#  > Bazaar >  > Werk aangeboden en gevraagd >  Met Spoed Op Zoek Naar Schoonmaakmedewerkers Voor In Delft En Rotterdam

## Bedrijven

Beste mensen,

Wie kan ons helpen. Wij zijn een schoonmaakbedrijf en hebben op dit moment dringend twee nieuwe medewerkers nodig.

Het is voor een object in Delft en een object in Rotterdam Alexandrium. Het zijn beide Horeca gelegenheden en het gaat om 2 uren per dag. Voor Rotterdam is het ieder avond van 19.00 tot 21.00 uur en Delft is het in de ochtend uren van 07.00 uur tot 0.900 uur.

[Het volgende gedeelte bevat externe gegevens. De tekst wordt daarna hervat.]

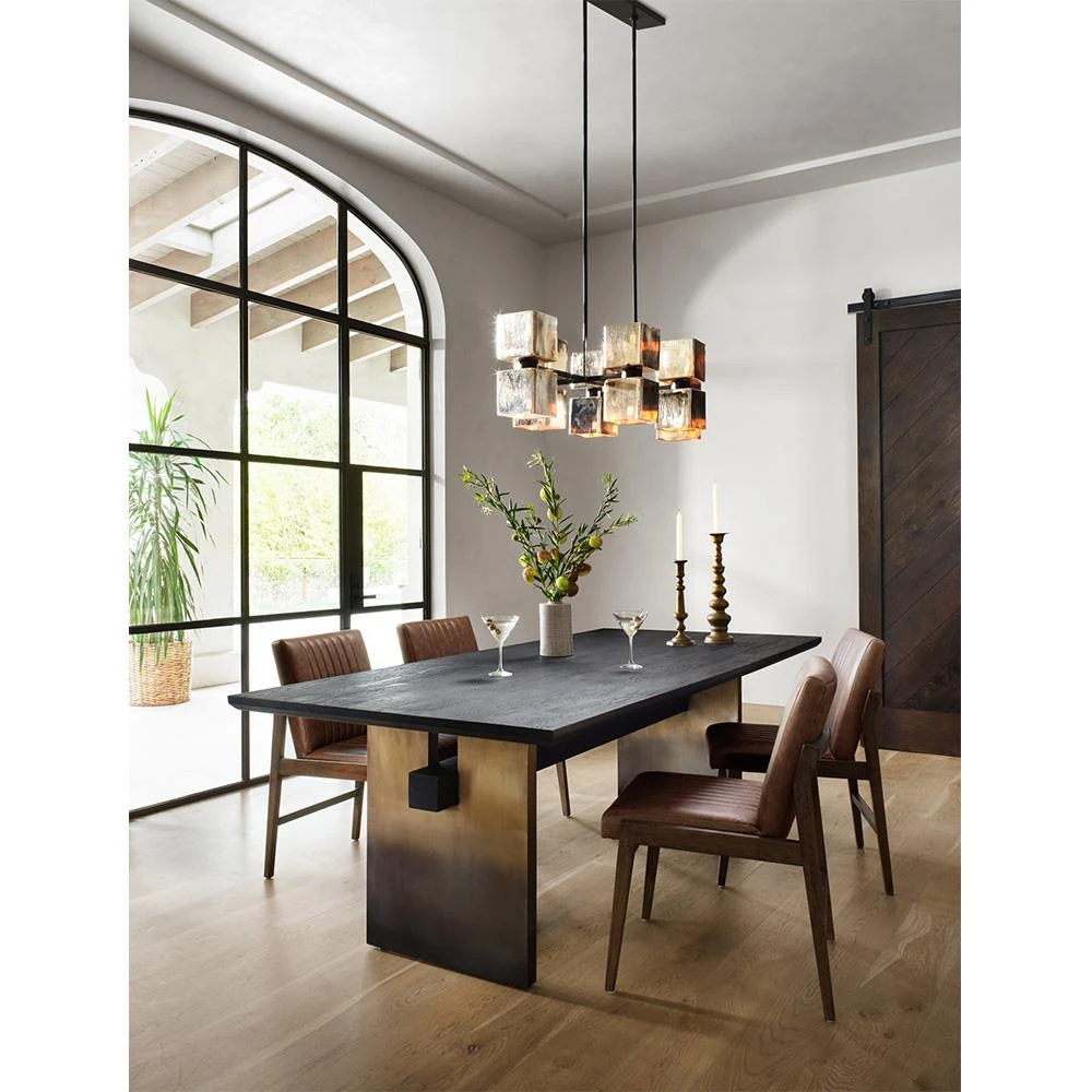 • Ely Rustic Grey Performance Leather Back Brown Wood Dining Side Chair|Kathy Kuo Home
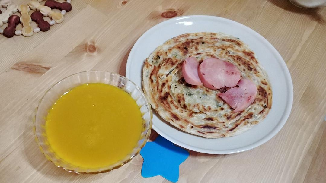 手抓饼火腿和南瓜粥(๑>ڡ<)☆
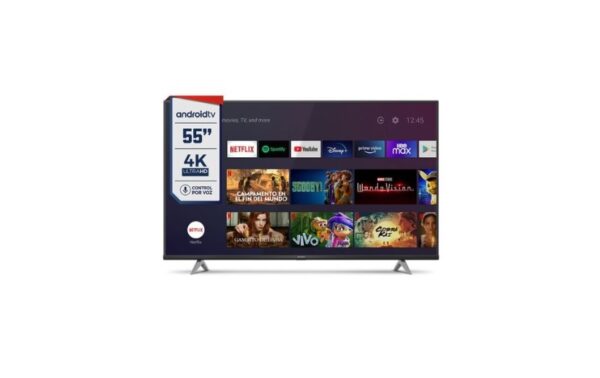 - HDR PANTALLA: Pulgada / Definición: 55″ 4K Ultra HD — Resolución / Formato: 3840 x 2160 px /16:9
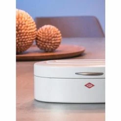 Mit dem Brotkasten Single Elly von Wesco holst du dir einen Hauch 50er-Jahre-Flair nach Hause. Die ovale Form mit dekorativer Prägung ist ein hübsches und zugleich praktisches Retro-Schmuckstück.
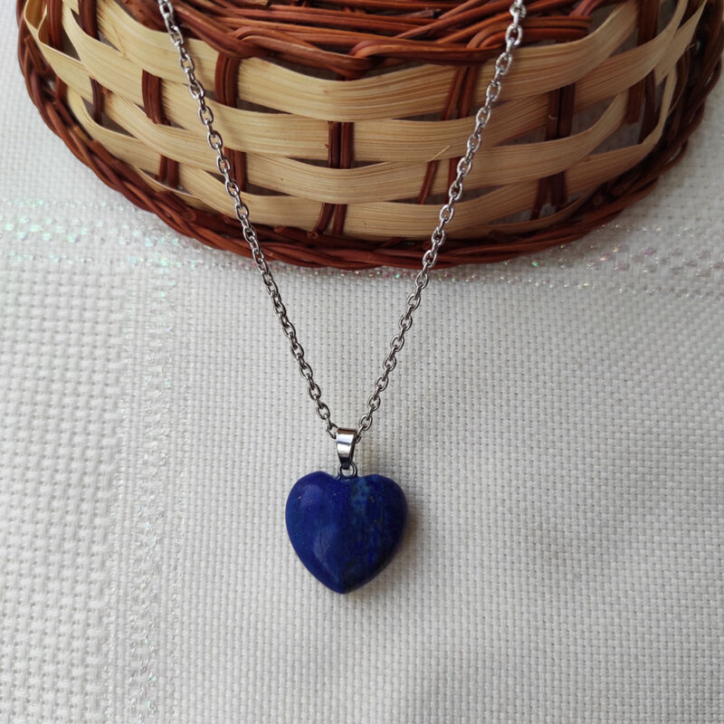 Kalp Kesim Doğal Lapis Taşı Kolye
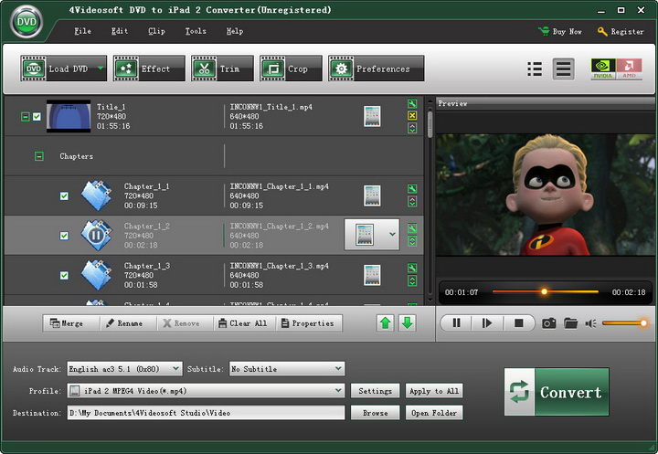 2楼 华军网友 2017-10-18 21:40:364Videosoft DVD to iPad 2 Converter功能全面,使用也挺方便的。

Het liefst zijn we opzoek naar een heer aangezien het werk vooral uit machinaal schoonmaken bestaat van de vloeren. Het zou ook een echtpaar kunnen zijn! Wij zijn echt met spoed op zoek. Ben jij diegene die we zoeken of ken je iemand familie of vrienden mail ons dan zo snel mogelijk!! Degene moet wel nederlands spreken.

Vergoeding is via de richtlijnen van het schoonmaak CAO.

Misschien heb je wel interesse inbeide objecten, dat kan ook. 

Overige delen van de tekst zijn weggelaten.